To determine the energy of an α particle that would allow it to move in a circular path of the same radius R in a uniform magnetic field as a proton with 1 MeV kinetic energy, we need to consider the relationship between kinetic energy, charge, mass, and the radius of the circular motion in a magnetic field.
Key Concepts
- Kinetic Energy (KE): The energy an object possesses due to its motion, given by the formula KE = (1/2)mv².
- Magnetic Force: The force acting on a charged particle moving in a magnetic field, which causes circular motion.

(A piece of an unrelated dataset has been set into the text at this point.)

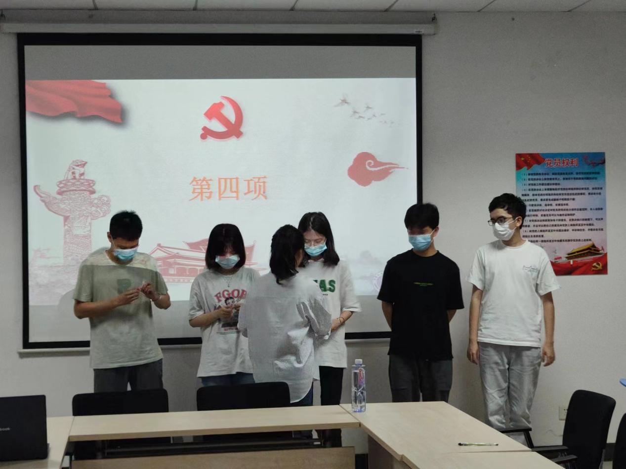 会议第五项,奏放国际歌,庄祉祎老师为新发展的预备党员同志颁发党徽。

- Radius of Circular Motion: For a charged particle in a magnetic field, the radius R is given by R = (mv)/(qB), where m is mass, v is velocity, q is charge, and B is the magnetic field strength.
Comparing Proton and Alpha Particle
A proton has a charge of +1e and a mass of approximately 1 u (atomic mass unit). An α particle consists of 2 protons and 2 neutrons, giving it a charge of +2e and a mass of about 4 u.

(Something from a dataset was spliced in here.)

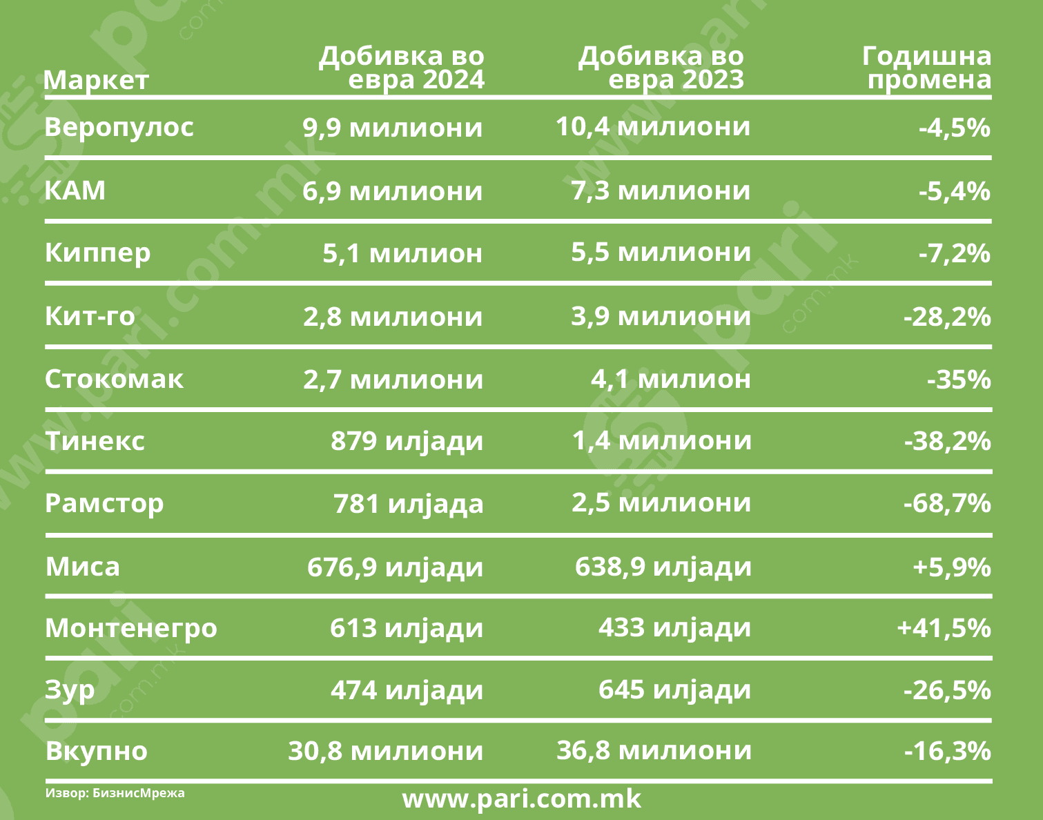 Подобро минале Кипер маркет, со намален профит од 7,2 проценти (од 5,5 милиони евра на 5,1 милион евра), и КАМ ДОО, со минус од 5,4 отсто, чија добивка од 7,3 во 2023 г. лани опаднала на 6,9 милиони евра. Лидерот на табелата според висината на остварената добивка, Веропулос ДООЕЛ, исто така има намален профит, за 4,5 отсто ‒ од 10,4 милиони на 9,9 милиони евра.

Finding the Required Energy
Since both particles are moving in the same magnetic field and describe a circle of the same radius, we can set up the relationship:
For the proton:
R = (mv)/(qB)
For the α particle:
R = (M*V)/(QB)
Where:
- m = mass of the proton
- M = mass of the α particle
- v = velocity of the proton
- V = velocity of the α particle
- q = charge of the proton
- Q = charge of the α particle
Since the radius R is the same, we can equate the two expressions. The α particle's mass is four times that of the proton, and its charge is twice that of the proton. Therefore, to maintain the same radius, the kinetic energy of the α particle must be:
KE(α) = 4 * KE(proton) = 4 * 1 MeV = 4 MeV.
Final Answer
The energy of the α particle required to describe a circle of the same radius in the same magnetic field is 4 MeV.